Tuesday, 20 March 2012

More ammo for the climate sceptics

The hottest year on record? We don't know
Scientists have to be precise. It is their downfall when they try to communicate. The media don't want precision, 'if's and 'but's and error bars. They want black and white 'facts'. It's not a trivial problem. If, as a scientist, you over-simplify then you are in danger of getting a twisted message across (and losing the respect of your peers). If, on the other hand, you apply normal scientific caution people switch off and your political opponents rip you to pieces.

This is a problem that climate scientists face all the time. Every time they revise something or hedge their statements with probabilities, or admit there are competing theories, those with a vested interest in playing down climate change wade in and give it to them with all guns blazing. And it wouldn't surprise me if this happens again with the recent announcement that they've changed their mind about what was the warmest year on record. 'If they can't even decide this,' the professional sceptics will crow, 'how can they possibly say what the climate will be like in 50 years time?'

The trouble is, deciding on the warmest year is not a trivial task. It is all very well to ask how the average temperature on the Earth is varying – but how do you find out the average temperature of such a huge body, with such varied weather at any one time? It isn’t actually possible to calculate a meaningful average for the whole world. Apart from anything else, there isn’t a good enough spread of weather stations evenly across the Earth’s surface to achieve this.

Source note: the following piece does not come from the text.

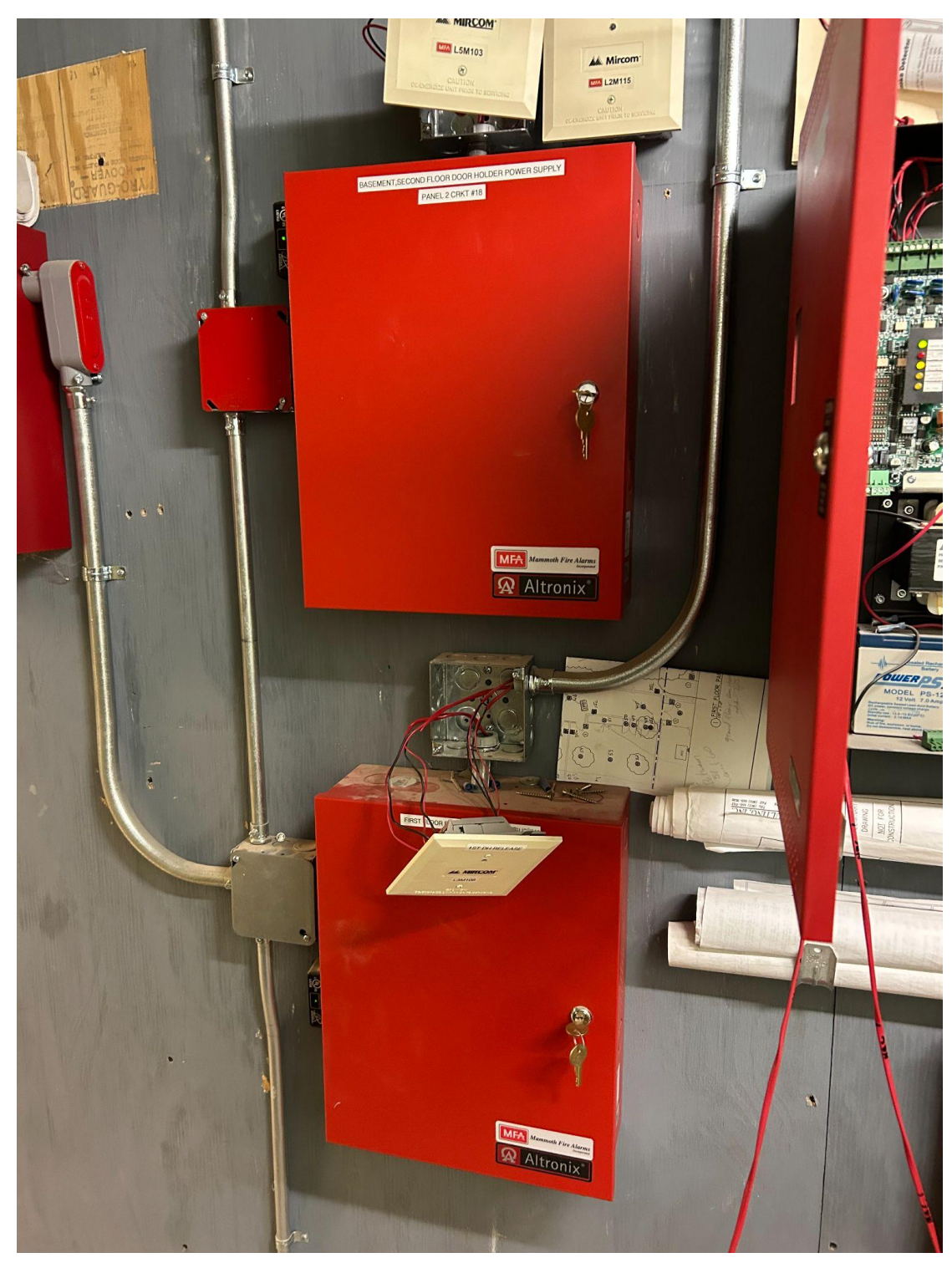
Continued Fire Alarm Subpanels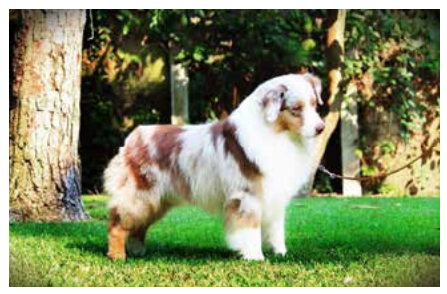
Yukon's great-grandson Multi BIS, Multi CH Risingstar's Billion Dollar Baby "Christoff." Born 2011. By AKC GCH CH-ASCA CH Two By Two's The Pipes Are Piping x CH Risingstar's Sugar 'N Spice. (EL SALVADOR)

Instead, what they do is make use of 'temperature anomalies.' These compare the average temperature for the required year against long term averages using the same weather stations. That way you get a like-for-like comparison and can understand the way temperature is changing without knowing the 'real' average temperature across the world.

The trouble with this approach, producing those disputes over what is the hottest year since records began, is that the chosen year will vary depending on the spread of years you use for your long term average. Hence the fact we used to think the hottest year on record was 1998, but now it is 2010. So when the anti-climate change brigade leap on this, bear in mind it isn't a mistake, it's merely refining the data. It doesn't actually matter how you cut it - the different averaging processes all say that the decade up to 2010 was the hottest since records began. But it's fairly easy to fiddle around with the specific hottest year.

Not error, just the true scientific process. As I've said many times before, science isn't about 'true and unchanging facts' - dogma should be for religion, not science - it is about our best understanding given the data we have at the moment and will always be provisional and open to change in the future.